Crime rates may stay high for the next seven years because of a "baby blip" which peaked in 1990.
The famous postwar baby boom, which produced a peak of just over 65,000 births a year around 1960, faded away with the impact of the contraceptive pill. It reached a low point of just under 50,000 births in 1982.
But as the children born in the baby boom began to have children themselves in the late 1980s, births increased again to peak at 60,153 in 1990. The number of births has since fallen, to 58,073 in 2004.
The children born in that baby blip produced surges in primary school enrolments in the early 1990s and in secondary schools around the start of this century.
They are now flowing into the prime criminal age group of 15 to 24.
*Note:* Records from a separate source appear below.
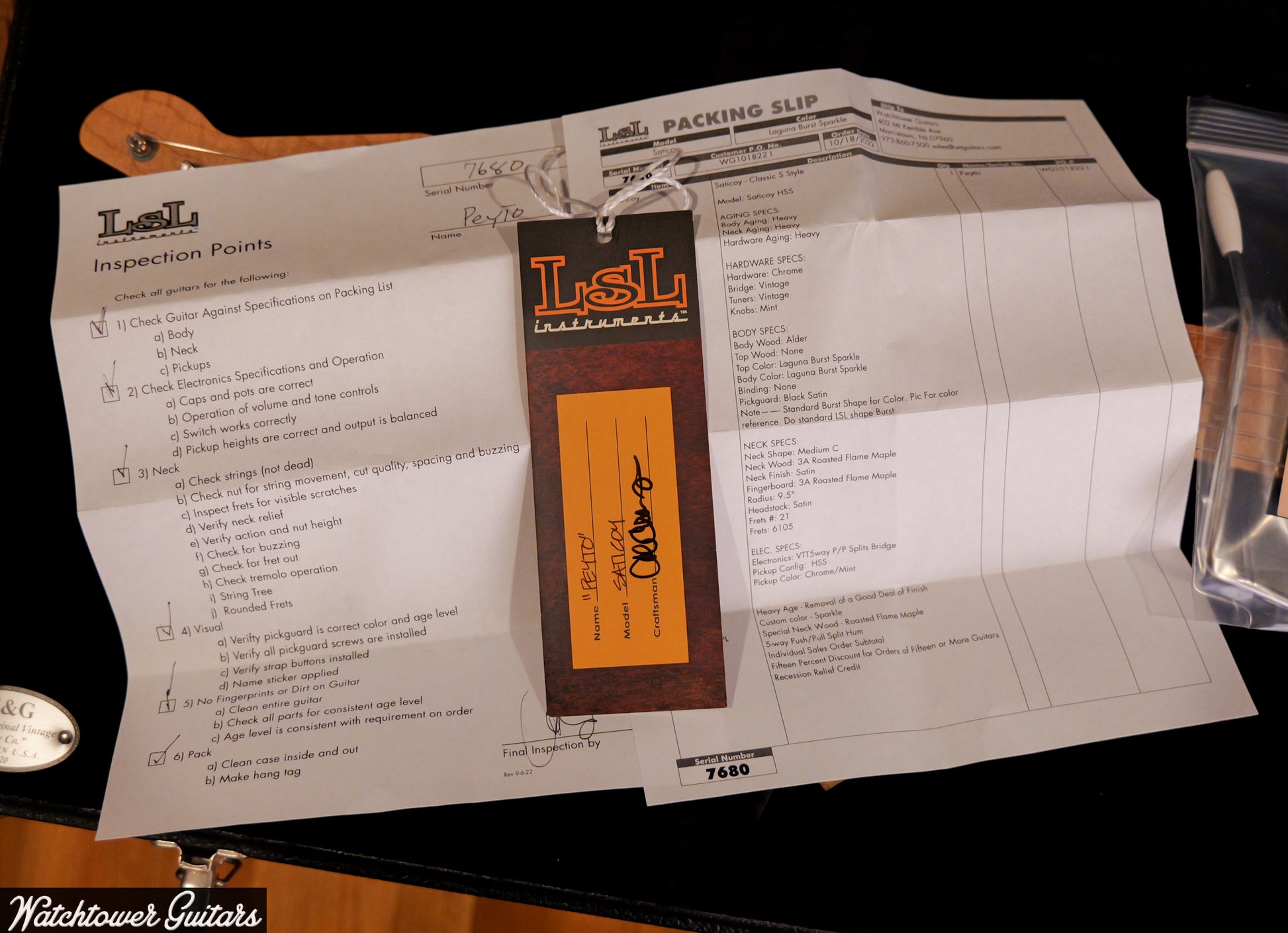 The 2024 LSL Instruments Saticoy in Laguna Burst Sparkle is a classic S-style guitar built with an alder body and a heavy aged finish throughout—body, neck, and hardware show pronounced wear for a lived-in look. Recently traded back in so we included our original demo video. The finish is a custom Laguna Burst Sparkle (standard LSL burst shape) over no top wood, paired with a black satin pickguard and no binding. Hardware is chrome with vintage-style bridge and tuners, mint control knobs, and the instrument weighs 7 lbs 3 oz. The three-piece roasted flame maple neck is finished satin on the headstock and neck, carved in a Medium C profile with a 9.5" radius fingerboard, 21 6105 frets, and heavy neck aging consistent with the body.
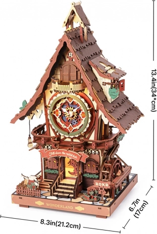 Ontdek de mystiek en schoonheid van het bos met een koekoeksklok die tot leven komt elk heel uur. Hij combineert een nauwkeurig quartzmechanisme met interactieve elementen zoals een slinger en kaartmotiefdetails. Deze mechanische puzzel stimuleert de fijne motoriek en biedt leerzaam en creatief plezier.
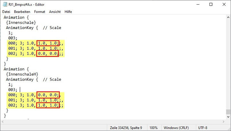 Hallo Walter, ein in Sketchup zu animierendes Bauteil ist immer eine Gruppe. Denn das zu animierende Bauteil besteht normalerweise aus mehreren Flächen, die mittels der Animation zusammen (das gesamte Bauteil eben) skaliert, gedreht und/oder verschoben werden soll. Und da wendet man die Animation dann eben auf diese Gruppe an (Du kannst in der AnimationSet-Definition nur Frames adressieren, und diese entsprechen den Sketchup-Gruppen). Ein Bauteil, das mittels einer Animation skaliert werden soll (z.B. um es ein oder auszublenden), wird in Sketchup immer im eingeblendeten Zustand (als "ausgefahren") gebaut. Erst in der Spezifikation der AnimationSet-Definition wird festgelegt, ob das Bauteil in der Ausgangsstellung ausgefahren (sichtbar, Skalierungsfaktor 1) oder eingefahren (unsichtbar, Skalierungsfaktor 0) sein soll. Hierzu folgendes Beispiel: Bei den Railjet-Wagen gibt es das Bauteil "Innenschale" (das sind die Innenwände des Fahrgastraums) 2-mal, nämlich als "normales" Bauteil bei Tageslicht und als "beleuchtetes" Bauteil für die nächtliche Innenbeleuchtung ("InnenschaleH" für "Hell", Emissive). Die gegenläufige Ein- und Ausblendung beider Bauteile erfolgt über den Abschnitt "Innenraum Beleuchtung" in der Anim-Datei (Positionen 0-2 in der "Timeline"). Beim Einschalten der Innenraum-Beleuchtung soll die "Tageslicht"-Innenschale ausgeblendet und die leuchtende "InnenschaleH" eingeblendet werden. Beim Ausschalten der Innenraum-Beleuchtung wird dann "InnenschaleH" ausgeblendet und "Innenschale" eingeblendet (Rückwärtslauf der Animation). Beide Bauteile "Innenschale" und "InnenchaleH" sind in Sketchup in "ausgefahrenem" (eingeblendetem) Zustand (Skalierungsfaktor 1) realisiert. In der AnimationSet-Definition ist für die Animation "Innenraum Beleuchtung" Position 0 der Ausgangszustand und Position 2 der Endzustand. Das Bauteil "Innenschale" ist bei ausgeschalteter Beleuchtung (Standard-Einstellung) ausgefahren (Skalierung 1), das Bauteil "InnenschaleH" in y- und z-Richtung auf 0 zusammengedrückt, also ausgeblendet (der Skalierungs-Nullpunkt befindet sich bei diesem Beispiel unterhalb des Innenraum-Fußbodens, durch ein _AP-Objekt innerhalb der Sketchup-Gruppe so festgelegt). Aufgrund der "0"-Ausdehnung von "InnenschaleH" in der Ausgangsposition der AnimationSet-Definition schiebt das Modellbahn-Studio beim Laden in der Stellung "Beleuchtung aus" das Bauteil automatisch zusammen. Wird nun die Beleuchtung eingeschaltet, wird zuerst "InnenschaleH" ausgefahren (bis zur Position 1) und ab diesem Zeitpunkt "Innenschale" zusammengeschoben. Hiermit wird vermieden, das sich beide Bauteile gleichzeitig gegenläufig bewegen und dadurch kurzzeitig "außen" eine Lücke entsteht. Lässt man die Animation "schnell genug" ablaufen (z.B. mit 100 AnimTicksPerSecond) kann man auf den mittleren Zustand verzichten und die Animationslänge auf die Positionen 0-1 reduzieren.. Ohne die AnimationSet-Steuerung würde im Modellbahn-Studio der Innenraum flimmern, weil beide Bauteile in ausgefahrenem Zustand deckungsgleich übereinander liegen würden. Viele Grüße BahnLand

Numbers in the 15 to 24 age group dropped from 583,000 in 1986 to 534,000 in 2001, but jumped to 596,000 last year.
A Department of Corrections researcher, Michael Rich, forecast in 2000 that the predictable surge in the criminal age group would push up crime rates in the four regions of fastest population growth until 2013.
"Approximately 80 per cent of the total change in offender numbers [84 per cent for the Community Probation Service, 80 per cent for the Public Prison Service] by 2013 will occur in Northland, Auckland, Waikato and Bay of Plenty," he wrote.
"The representation in the 15-19 and 20-24 ... age classes will increase notably [16 to 20 per cent] as children currently under offending age grow and mature."
However, yesterday's police statistics show that the overall crime rate has fallen. It has dropped from 1280 offences for every 10,000 people in the total population in 1996, to 994 last year, despite the rising numbers in the prime criminal age bracket.